When I was young I became enamored with the idea of being a bit lost, questing, searching, looking, traveling, trying for answers to unanswerable questions. It affected conversations, book selections, adventures, music and movie likes.
A couple of nights ago I left work late and the air was chilly but hinting at a warmth to come. It struck a chord with my memories of youth and reminded me of nights with a slight beer buzz, a lust for girls, an unknowing of life, a lack of understanding of my place in the world, an insecurity of how I would survive, an energy that I would now identify as related to anxiety I didn't know I was prone too. These feelings that I found comforting and was addicted to, feelings I welcomed. Feelings I was comfortable with and felt odd without. The kind of feelings that would cause me to smell the subtleties in the air, take note of the beauty in the sky and the force of life within me, poetic in my own way over the beauty of experiencing life.
I thought, as I drove home, that these nights would never be the same for me again. The world is not mysterious in the same way for me any longer. It is rarer that I get into the same flavor of semi-manic state like jumping around inside with the music while wondering if I would get a kiss and not knowing how I would make a living in this world, how to make sense of life, how to be ok just being.
I remember referring to a familiar feeling when the time of year changes and the air is distinctly different and I would refer to it as spooky, but in a good way. It was a good fear to me. I see now, again, the heightened anxiety that was an unidentified part of me, a friend of habit like an odd addicting relationship.
I remember an ex girlfriend saying that she didn't like her dad when her mom was busy doing other things because he became hollow as though he didn't know how to smile or entertain himself. I was sad for him at that moment, partly for his loneliness in his own home and partly because his own daughter judged him. Maybe I felt sympathy, a part of me subconsciously recognizing my own potential to be in that experience.
In those younger days I was happy to spend half my time socially exploring and half my time traveling alone or reading alone or thinking alone.

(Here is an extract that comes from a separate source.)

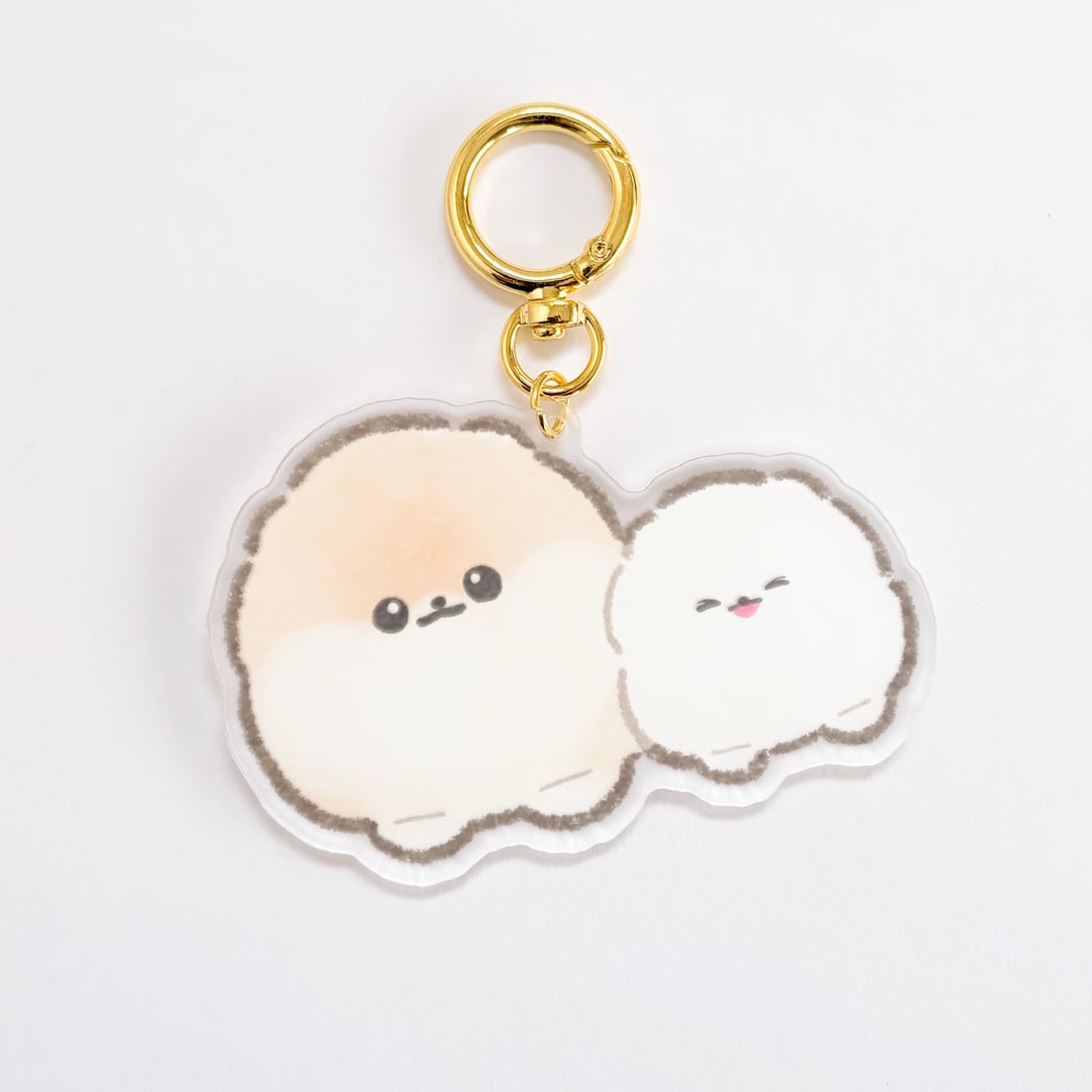 なかよしなポメラニアンのぽぽちとぱぴちがアクリルキーホルダーになりました。

I was never a hollow shell when with others or when alone in my wondering, not usually anyway.
Today I was to go on a motorcycle ride. Tami and The Kid are at dance class. Somehow I ended up eating too much left over pizza and watching TV instead. I barely escaped, eventually, on foot to get to downtown. The motorcycle ride I craved seemed without flavor so I didn't even start the bike. No book on the shelves seemed worth it. I'm in a funk.
In a funk, I'm a poor judge but I wonder if I am at a crossroads. My habitual drive to be lost at odds with my present understanding and pleasure in my child, and the world I know well enough that the unknown is of a different flavor lacking at the least that spice of insecurity.
The pleasure in what I know about my career, my family, my world.... at odds with my habitual refined comfort in unease, anxiety, natural high in the mystery and frustration. I am a bit hollow right now. I am in a funk. Diversions seem as no more than diversions. I could almost let it go and just be..... but I am not quite ready to. I could almost cry to get there but I know instead that I could let this unease at this crossroads build as a substitute discomfort and get by, my own form of methadone until a distraction would take and I can set this facing of truth aside to wait for another day. I hear Arcade Fire playing Ready to Start. Ironic as it is beginning to work as a release for the false stress acquired. In effect, making me ready to postpone this reckoning for another day.
Hit replay on my ipod, and my body is dancing in itself. I can wait for another day to deal.